Squires Steven, Weedon Michael N, Oram Richard A
University of Exeter, Exeter, United Kingdom.
medRxiv. 2023 Dec 15:2023.12.14.23299972. doi: 10.1101/2023.12.14.23299972.
Polygenic risk scores (PRS) summarise genetic information into a single number with multiple clinical and research uses. Machine learning (ML) has revolutionised a diverse set of fields, however, the impact of ML on genomics in general, and PRSs in particular, has been less significant. We explore how ML can improve the generation of PRSs.
We train ML models on known PRSs using UK Biobank data. We explore whether the models can recreate human programmed PRSs, including using a single model to generate multiple PRSs, and the difficulty in using ML for PRS generation. We also investigate how ML can compensate for missing data and the constraints on performance.
We demonstrate almost perfect generation of PRSs, including when using one model to predict multiple scores, and with little loss of performance with reduced quantity of training data.

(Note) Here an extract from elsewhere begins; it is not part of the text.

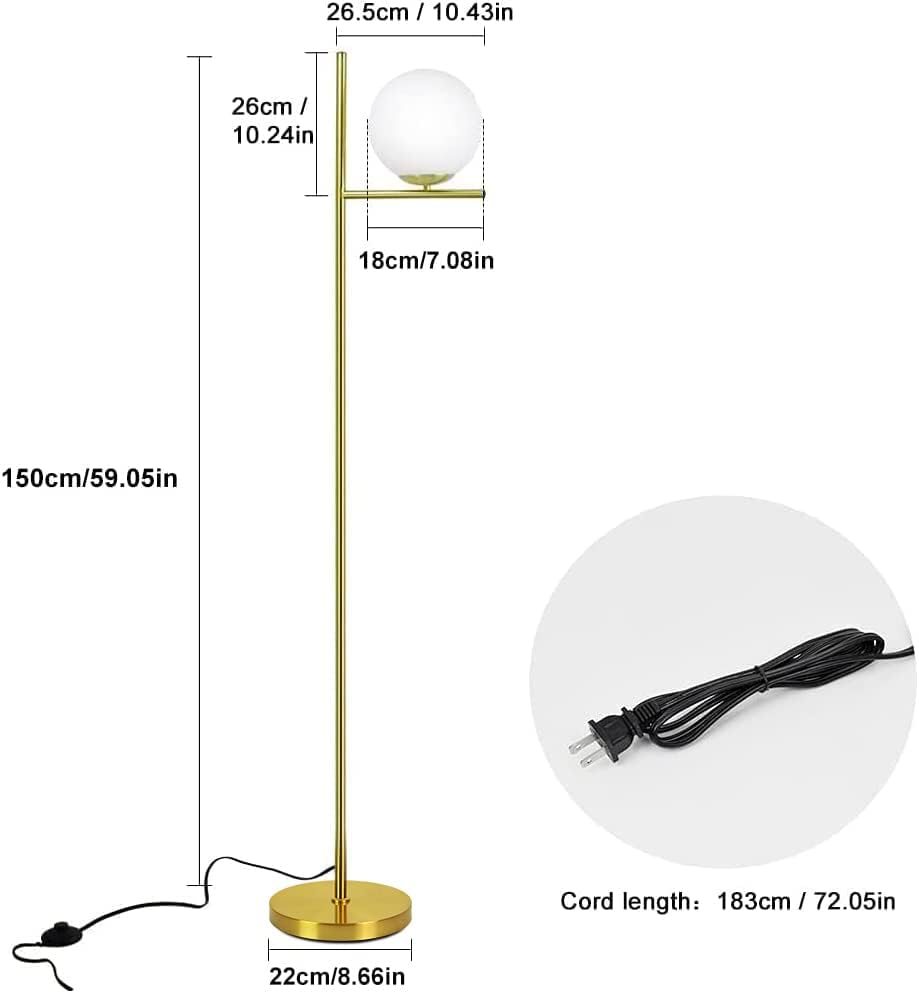 Store New Arrivals Add to Favorite View Feedback Contact DLLT LED Frosted Glass Globe Floor Lamp-9W Standing Lamps for Modern, Mid Century Contemporary Rooms, Energy Saving Tall Pole Accent Lighting for Living Room, Bedroom, Office, Gold Description Item model number PY-F1036G Light Source Type LED Style Modern Number of Items 1 Power Source Plug-in Powered Number of Light Sources 1 Control Method Touch Switch Type Foot Batteries Included? No Lighting Method Uplight Mounting Type Pole Mount Lamp Type Floor Lamp Number of Pieces 1 Room Type Office, Bedroom, Living Room Bulb Shape Size A19 Installation Type Freestanding Product Dimensions 8.66"D x 8.66"W x 59.09"H Material Glass, Metal Efficiency [HIGH] Controller Type Foot Control Finish Type Gold Indoor/Outdoor Usage Indoor Brightness 720 Lumen Is Waterproof False Water Resistance Level Not Water Resistant Batteries Required? No Item Weight 7.73 pounds Connectivity Technology USB Special Features Energy Efficient, Lightweight Special Feature Energy Efficient, Lightweight Part Number WS-MNF12-60B Shade Color White Color Temperature 3000 Kelvin Color Sphere-Gold Wattage 9 watts Is Cordless? No Base Material Glass Bulb Base E26 Shape Round Voltage 120 Volts Recommended Uses For Product Decoration, Reading, Everyday Use Shade Material Glass Finish types Gold Included Components Bulb Size Sphere-Gold FROSTED GLASS LAMPSHADE: Selected high quality material, this modern floor lamp gold have great light transmission, create a warm and comfortable atmosphere for your home. The convenient foot switch allows you to tap the lamp on or off with your foot. ELEGANT & UNIQUE DESIGN: Our globe floor lamps brass has a stable base to provide maximum stability, so that it would be free and safe around children and pets.In addition, Lunar frosted glass with high light pole, looks very elegant that is a very good decoration in the home. E26 TYPE BASE: This gold stand up lamp includes 9 watt LED light bulb, 3000K (Warm White), the brightness is 720 lumens, it not only provides sufficient brightness, but also has a eye caring function while you are reading or working, you never have to replace a bulb and save more energy in comparison to halogen or incandescent bulbs.(bulb can be replaced with other bulbs, 60watt max) EASY TO INSTALL: The tall pole lamp is easy to install quickly, and all instruction manual included with the package.Please be careful because glass is fragile. It perfect for your living room, bedroom, office, nursery and kids room as Christmas & New Year gift. SATISFACTION GUARANTEE &AFTER SALES: We offer a full 12 months quality assurance, 30 days refund for quality. if you have anproblem of your floor lamp, please feel free to contact us because our service purpose is to satisfy and we are committed to making it right to you. Product Description Depuley Tall Standing Pole Light for Living Room Customer's Feeling: 1. Easy to put together in about 3 minutes and came with a great LED lightbulb. 2. Love this floor lamp! Looks great, plenty of light, great addition to the room...and the dog LOVES the foot pedal switch! 3. Perfect for a 200 sq. ft. office space. 4. Modern and sleek floor lamp. Great value and they really brighten the living room. 5. Very cute and perfect for turning on in the middle of the night for our nursery! Glass Globe Floor Lamp - A romantic valentines day gifts Frosted glass globe lamp shade: Selected high quality material, this floor light has great light transmission that could create a warm and comfortable atmosphere for your home. NOTE: Glass is fragile, not bump, not tap. This trendy dome lamp includes 9 watt LED light bulb, equipped with USA standard medium E26 base socket, up to 60W, which is compatible with all kinds of bulbs: LED, INCANDESCENT, CFL, RGB, Halogen, Vintage Filament. Foot Switch: With the design of foot pedal style, our tall floor lamp is more convenient to switch the light on/off, saving the trouble bending down. Round Metal Base: This lunar standing floor light has metal base, which is more stable and not easy to fall down, safer to children and pets. Specification: Voltage: 120V Bulb Type: E26 bulb( included 9W bulb) Material: Glass+Metal Product size: 60in*9.6in Color: Brass Gold Switch: Foot switch Lampshade Material: Glass ABOUT US We offer the best prices around on high quality products. Our E-store includes media such as books, movies, music and games while offering electronics, toys, sporting apparel, clothing, tools, general home, garden items and more. SHIPPING We are always working hard to ensure your package arrives as soon as possible. Please understand that some factors like weather, high postal traffic, and the performance of shipping companies are outside of our control. We offer free shipping to the lower 48 states and ship within 2 business days of payment, usually sooner. We do not accept P.O. Boxes. Please provide a physical address. For shipping outside of the continental USA, we only use eBay's Global Shipping Program.The item is shipped to KY and then sent to the rest of the world. International customers are responsible for all duties and taxes. Continue to check out in order to calculate costs for shipping the item to your country. Messages regarding eBay's Global Shipping Program MUST be directed at eBay EXCLUSIVELY. RETURNS We offer a 30-Day Return Policy on items which you are not completely satisfied with. You have the option for a full-refund or an exchange of the item. No returns are available on items shipped outside of the USA. PAYMENT We accept PayPal. CONTACT US This page content is yet to come Please ad us to your favorite seller and visit again later Thank You CUSTOMER SATISFACTION We try our very best to make sure every customer is completely satisfied. If there's a problem, message us! We're happy to help.

For an example set of missing SNPs the MLP produces predictions that enable separation of cases from population samples with an area under the receiver operating characteristic curve of 0.847 (95% CI: 0.828-0.864) compared to 0.798 (95% CI: 0.779-0.818) for the PRS. We provide evidence that input information is the limiting factor of further improvement.
ML can accurately generate PRSs, including with one model for multiple PRSs. The models are transferable and have high longevity. With certain missing SNPs the ML models can statistically significantly improve on normal PRS generation. Models trained are probably at the edge of performance and further improvements likely require use of additional input data.
多基因风险评分(PRS)将遗传信息汇总为一个单一数字,具有多种临床和研究用途。机器学习(ML)已经彻底改变了多个领域,然而,ML对一般基因组学,尤其是对PRS的影响却不那么显著。我们探讨了ML如何能够改进PRS的生成。
我们使用英国生物银行的数据在已知的PRS上训练ML模型。我们探究这些模型是否能够重现人工设定的PRS,包括使用单个模型生成多个PRS,以及使用ML进行PRS生成的难度。我们还研究了ML如何能够弥补缺失数据以及性能上的限制。
我们展示了几乎完美的PRS生成,包括使用一个模型预测多个评分,并且在减少训练数据量的情况下性能几乎没有损失。对于一组缺失单核苷酸多态性(SNP)的示例,多层感知器(MLP)产生的预测能够将病例与人群样本区分开来,受试者操作特征曲线下面积为0.847(95%置信区间:0.828 - 0.864),而PRS的该面积为0.798(95%置信区间:0.779 - 0.818)。我们提供证据表明输入信息是进一步改进的限制因素。
ML能够准确生成PRS,包括使用一个模型生成多个PRS。这些模型具有可转移性且寿命长。对于某些缺失的SNP,ML模型在正常PRS生成方面能够在统计学上显著改进。所训练的模型可能已接近性能极限,进一步改进可能需要使用额外的输入数据。